[Recorded data]
*** Block opens ***
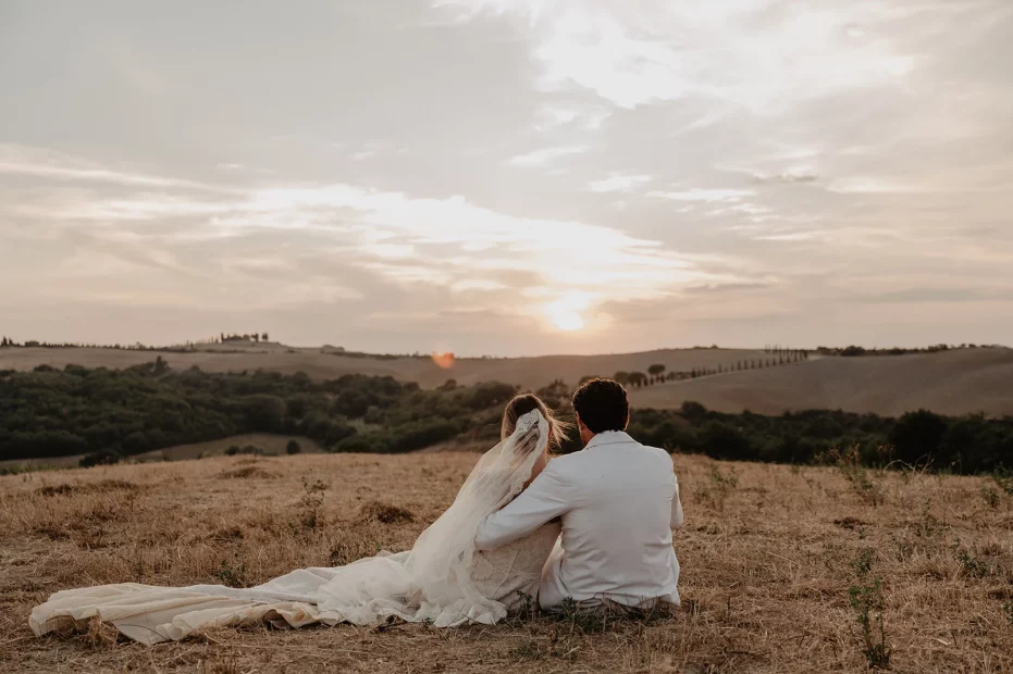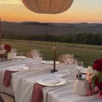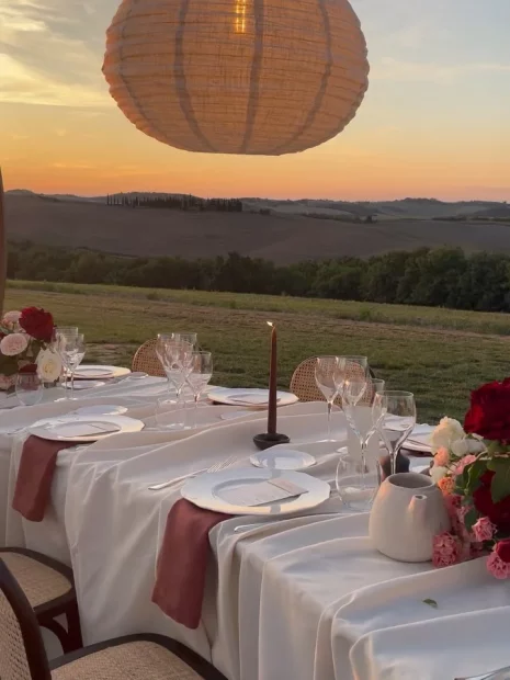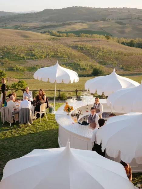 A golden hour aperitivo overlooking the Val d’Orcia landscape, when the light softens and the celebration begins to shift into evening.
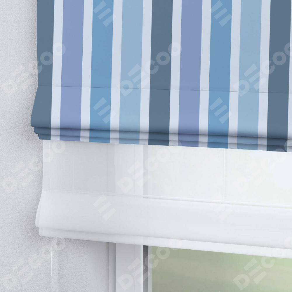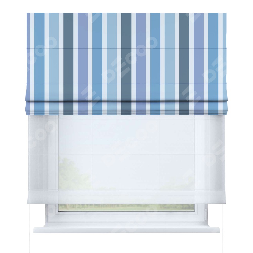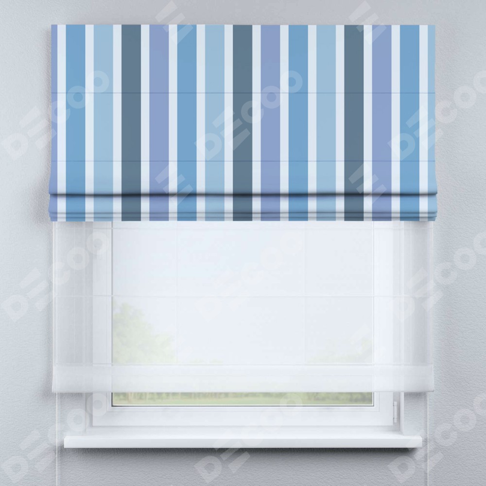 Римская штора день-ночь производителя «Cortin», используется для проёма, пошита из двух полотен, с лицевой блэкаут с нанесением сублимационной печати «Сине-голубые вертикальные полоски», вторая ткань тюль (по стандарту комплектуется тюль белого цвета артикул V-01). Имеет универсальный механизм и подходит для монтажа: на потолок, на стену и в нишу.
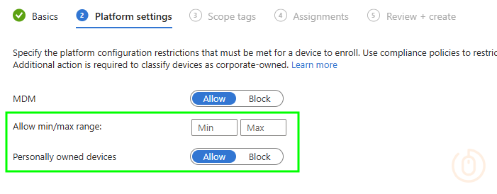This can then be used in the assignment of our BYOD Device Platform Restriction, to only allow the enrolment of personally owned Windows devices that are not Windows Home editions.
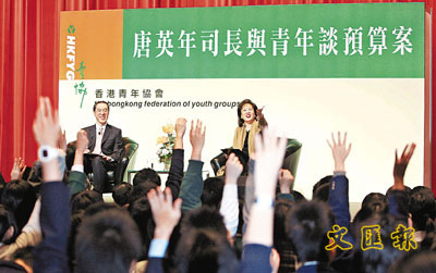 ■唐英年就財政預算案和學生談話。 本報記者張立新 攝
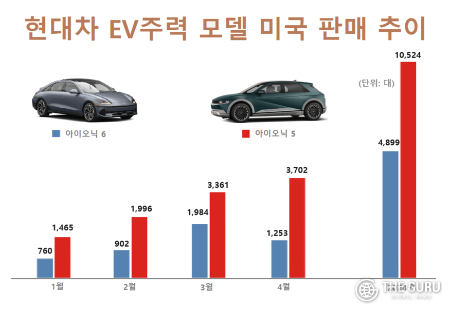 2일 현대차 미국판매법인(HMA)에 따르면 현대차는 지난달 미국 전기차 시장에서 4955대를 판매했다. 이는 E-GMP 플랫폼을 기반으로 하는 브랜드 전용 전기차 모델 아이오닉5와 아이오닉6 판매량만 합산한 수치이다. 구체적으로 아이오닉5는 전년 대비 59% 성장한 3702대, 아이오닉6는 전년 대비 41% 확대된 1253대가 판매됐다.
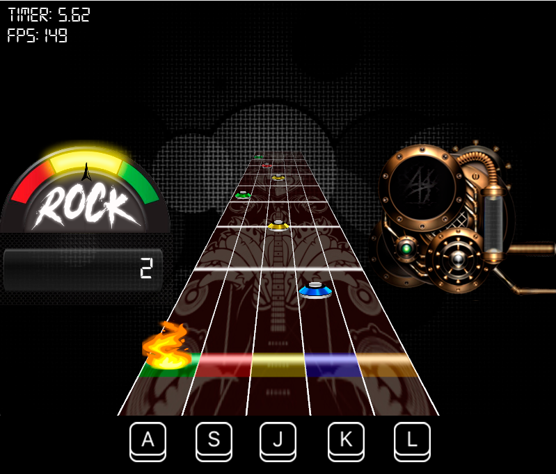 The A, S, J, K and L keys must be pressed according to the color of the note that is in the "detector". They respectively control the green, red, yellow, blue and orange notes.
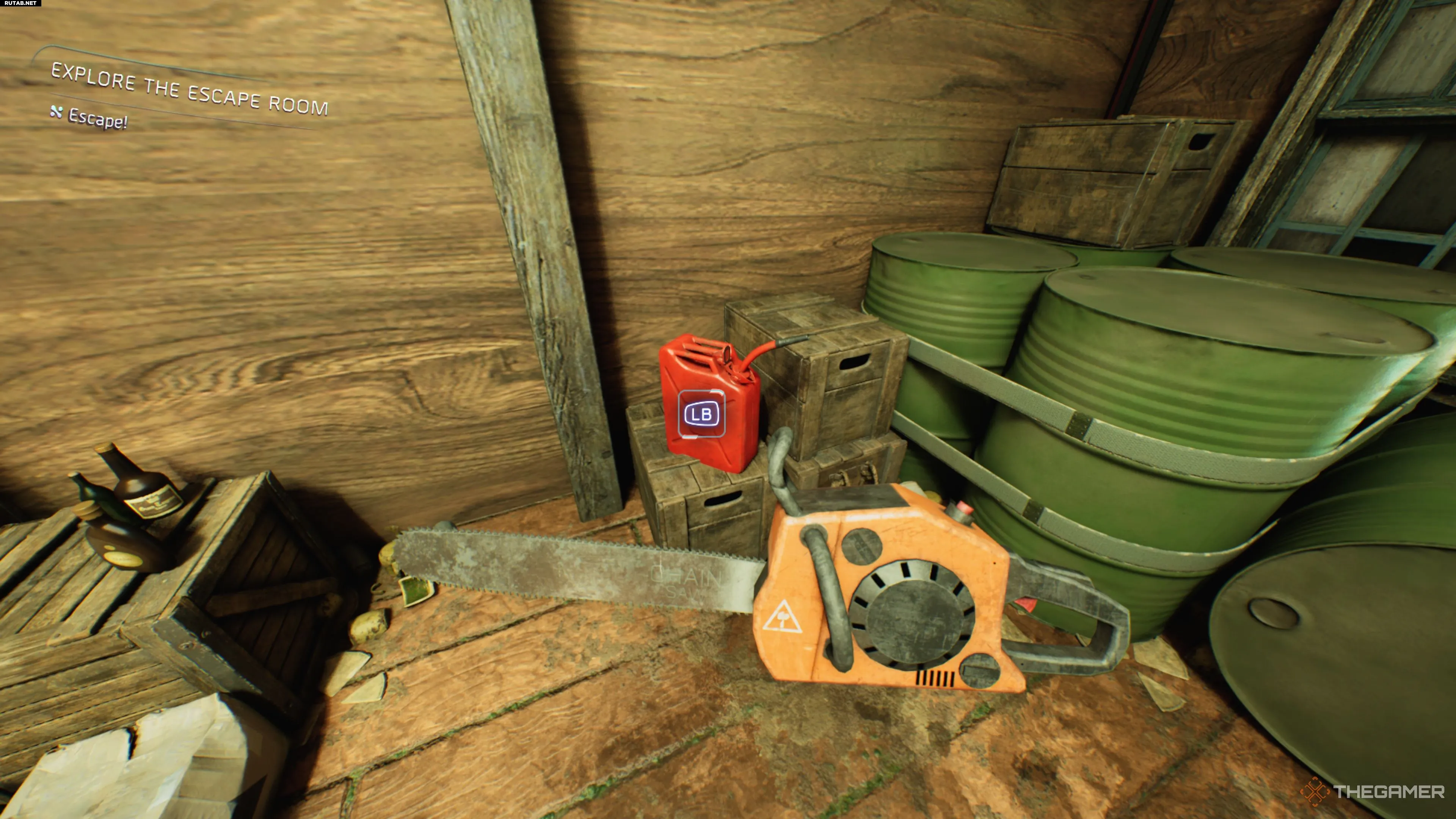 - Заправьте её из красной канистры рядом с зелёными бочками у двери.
*** Block closes ***
The records above must be printed exactly, but the pictures they hold should be omitted.

 A golden hour aperitivo overlooking the Val d’Orcia landscape, when the light softens and the celebration begins to shift into evening.
 Римская штора день-ночь производителя «Cortin», используется для проёма, пошита из двух полотен, с лицевой блэкаут с нанесением сублимационной печати «Сине-голубые вертикальные полоски», вторая ткань тюль (по стандарту комплектуется тюль белого цвета артикул V-01). Имеет универсальный механизм и подходит для монтажа: на потолок, на стену и в нишу.
This can then be used in the assignment of our BYOD Device Platform Restriction, to only allow the enrolment of personally owned Windows devices that are not Windows Home editions.
 ■唐英年就財政預算案和學生談話。 本報記者張立新 攝
 2일 현대차 미국판매법인(HMA)에 따르면 현대차는 지난달 미국 전기차 시장에서 4955대를 판매했다. 이는 E-GMP 플랫폼을 기반으로 하는 브랜드 전용 전기차 모델 아이오닉5와 아이오닉6 판매량만 합산한 수치이다. 구체적으로 아이오닉5는 전년 대비 59% 성장한 3702대, 아이오닉6는 전년 대비 41% 확대된 1253대가 판매됐다.
 The A, S, J, K and L keys must be pressed according to the color of the note that is in the "detector". They respectively control the green, red, yellow, blue and orange notes.
 - Заправьте её из красной канистры рядом с зелёными бочками у двери.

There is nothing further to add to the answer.